Handling ssh to generic hostnames
(This idea is not from me, it's from R Francis Smith. It is just sufficiently nifty and wrong that I'm going to write it up for posterity.)
Suppose that you have a generic hostname, a hostname that either is
multiple machines (with multiple IP addresses) or a virtual host that
gets pointed to different physical machines from time to time. Further
suppose that inside your environment, your users ssh
to that machine,
or at least want to. The traditional problem with this is that for
good reasons ssh's host key checking will start
screaming about mismatching host keys the moment that you wind up
talking to a different physical machine that has, of course, different
host keys.
So, the ingenious evil solution for this problem is to have a Host
stanza for the generic hostname in your /etc/ssh/ssh_config
that
turns off the various ssh host key verification options, so that ssh
never even notices the mismatched host keys and thus never complains
about them. Yes, this is kind of unpleasant, but it is better than
the alternative (which is very close to not having useful generic
hostnames), and you can make it less risky by turning off password-based
authentication methods and other dangerous things.

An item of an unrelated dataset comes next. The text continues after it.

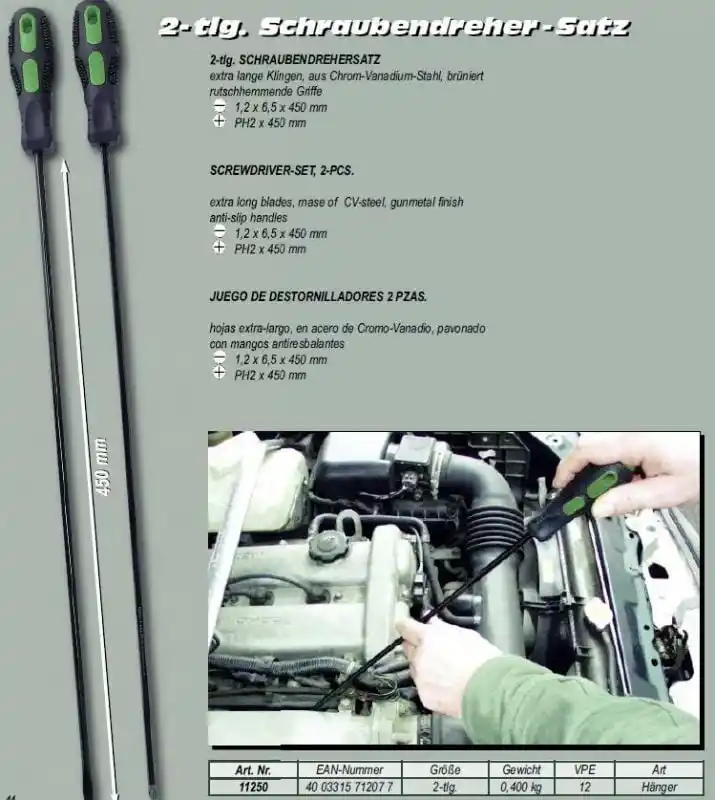 ● İki parça uzun tornavida seti: Düz 6.5 x 450mm, PH2 X450mm

This is a somewhat limited solution to the problem, since it only works within your systems. But that's probably the only place that you want it to work anyways.
(The simple evil solution to the problem is to give all of the physical hosts for the generic hostname the same host key. You probably don't want to do this.)
Sidebar: how to turn off ssh's host key checking
The options that you want are:
StrictHostKeyChecking no UserKnownHostsFile /dev/null
With these set, ssh can do all of the host key checking it wants to but it's never going to get anywhere, and so never gets in the way.
(I will assume that the generic hostname is not in your global known hosts file, because there is no reason to put it there since it doesn't have a constant key.)